Components

Components are the data containers in the ECS world and should only contain some properties to contain data, there should be no logic in components, if there is logic then you are probably a bad man and need to step away from the computer.

Using components

You will need to make your own implementations of IComponent which encapsulate the data your components need to expose to the systems.

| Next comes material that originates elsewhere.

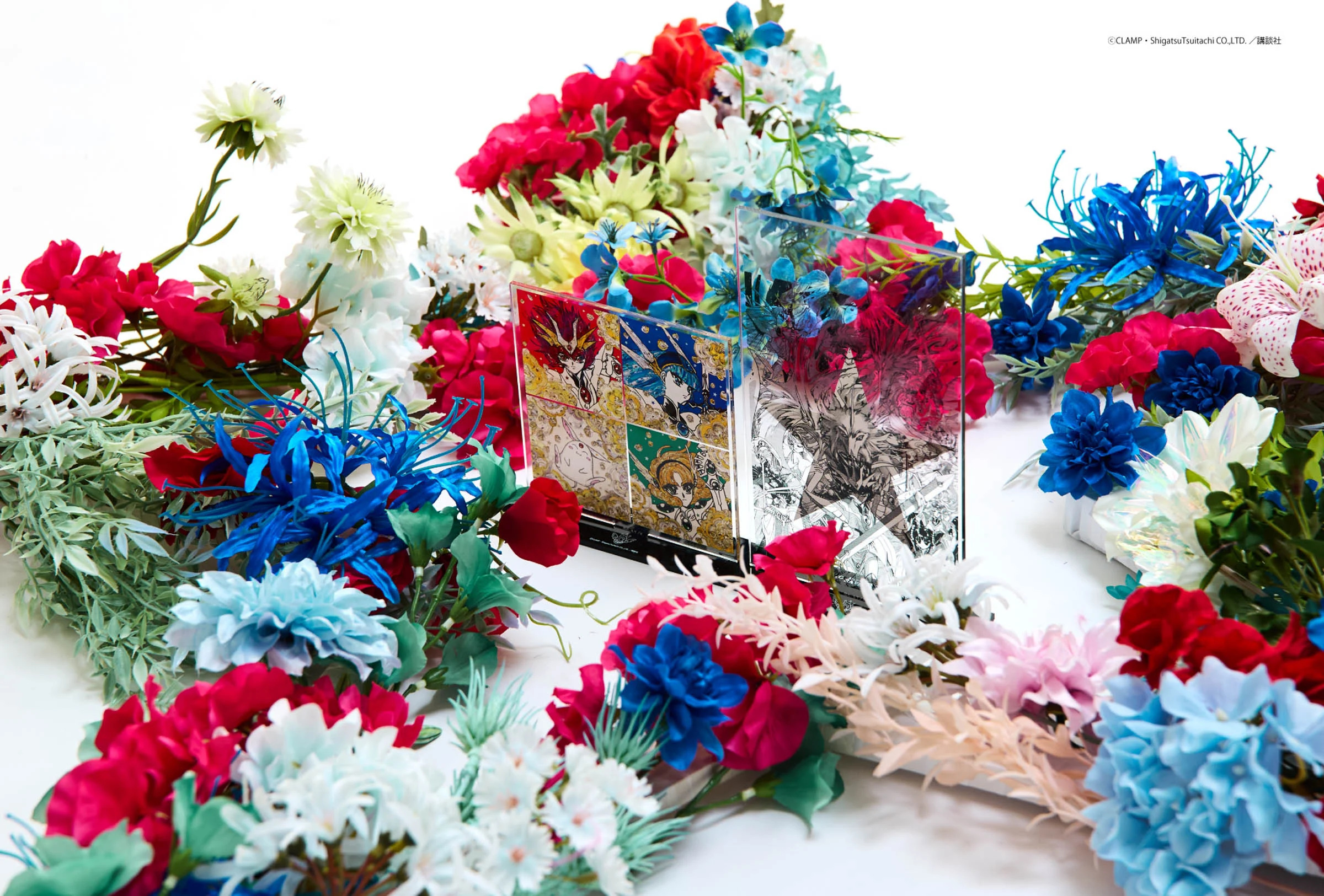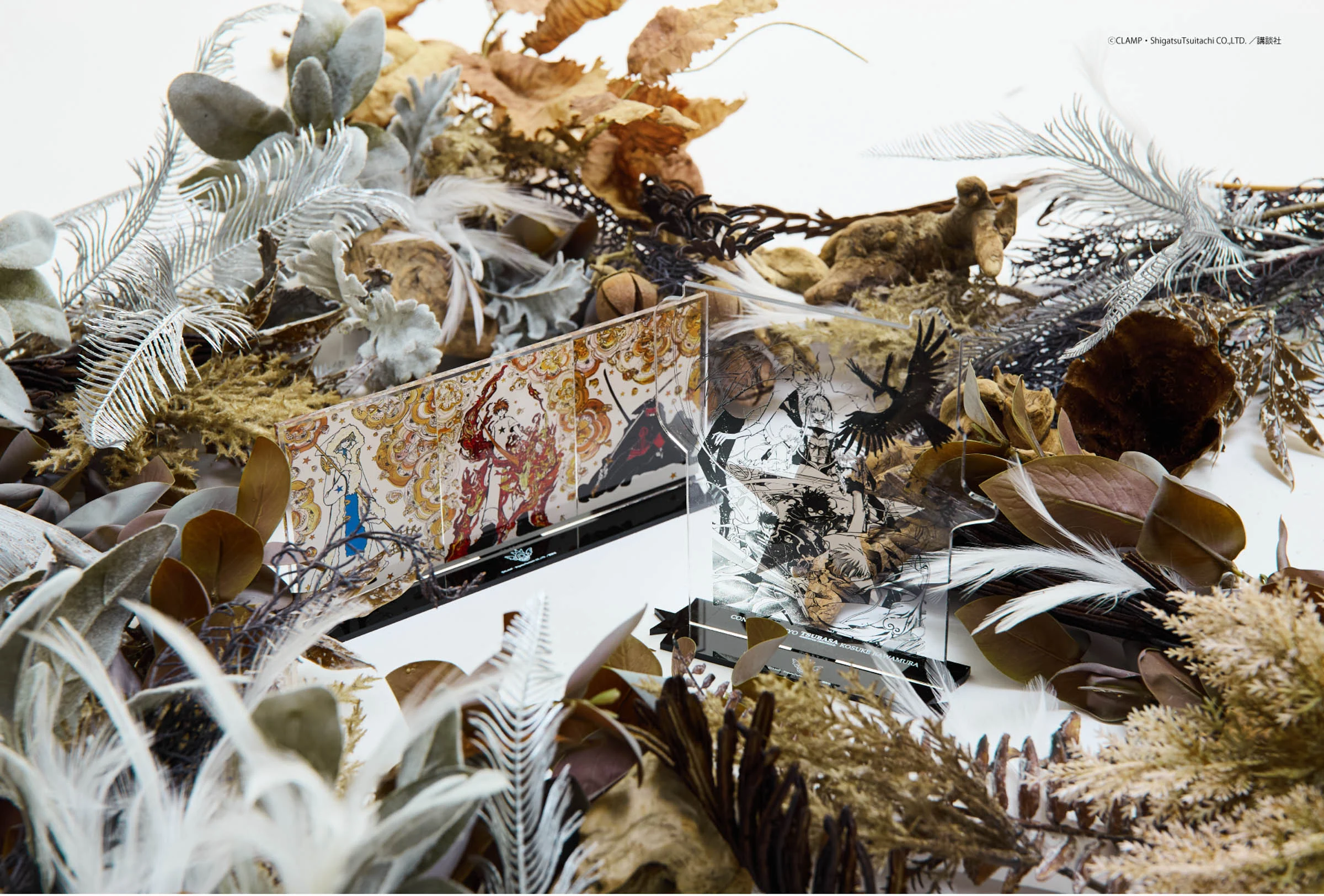 The collection features a mix of apparel and accessories, including graphic tees, jackets, and acrylic stands, each adorned with iconic motifs like feathers, magical sigils, and character silhouettes. The designs channel the emotional resonance and visual dynamism of CLAMP’s storytelling, offering fans a wearable tribute to their favorite universes.

It is fairly simple really just implement IComponent and it just does its stuff.

You can implement IComponent as a class or a struct and both will work fine, however if you use struct types you will need to remember that unless you use the *ByRef methods you will not be able to update any of the data within the component.

IDisposable support

If you implement IDisposable on your IComponent implementation then the framework will ensure when the Component is removed from an Entity it also gets disposed.

Some Advice

If you are not new to ECS in general then you can probably ignore most of this, it is mainly for people newer to the paradigm.

Try to keep your components small and concise

The more you attempt to represent within a component the more expensive it is to pass around and the harder it is to break apart associated behaviours that utilise it.

Quite often you may want to break up larger components into multiple smaller ones (where it makes sense), it also makes it easier to re-use those components on other things without them having redundant fields.

For example in an RPG you may have a Character model which represents Health, Damage, Experience, Inventory etc but in ECS world you would probably want each of those to be their own components so then anything with a HealthComponent can have its health reduced without knowing about any other facets of a Character, deconstructing larger models into their behavioural parts is a big part of ECS design.

You do not need to have all fields exposed directly on the Component you can wrap related fields into your own objects, for example if you have a Character with Stats you could do something like:

public class StatsComponent : IComponent
{
    public int Health {get;set;}
    public int MaxHealth {get;set;}
    public int Magic {get;set;}
    public int MaxMagic {get;set;}
}

However what if you want to store that data or use it outside of the ECS world, like in a UI somewhere, you need to start bleeding concerns, whereas if you did something like:

public class Stats
{
    public int Health {get;set;}
    public int MaxHealth {get;set;}
    public int Magic {get;set;}
    public int MaxMagic {get;set;}
}

public class StatsComponent : IComponent
{
    public Stats Stats {get;set;} = new Stats();
}

You can pass the Stats object around to anything that needs to without worrying about it having to know about the ECS paradigm etc.

This can also be a REALLY useful approach for when want to deal with saving data, you should ideally save POCOs not ECS objects, so if you make all your important game data their own objects its far easier to just extract them all from their component housings and do whatever you want with them.

Not EVERYTHING needs to be a component/ecs

In purist ECS frameworks everything very much needs to be a component, for example if you complete a level an Entity should be given a LevelCompleted component which a system would pick up and do something with, then the Entity would be destroyed.

Here though we have Events as first class citizens, you can just raise an event to represent a change without faffing with components/entities, you can also take this further and have logic run outside of ECS entirely be it within or outside of Components.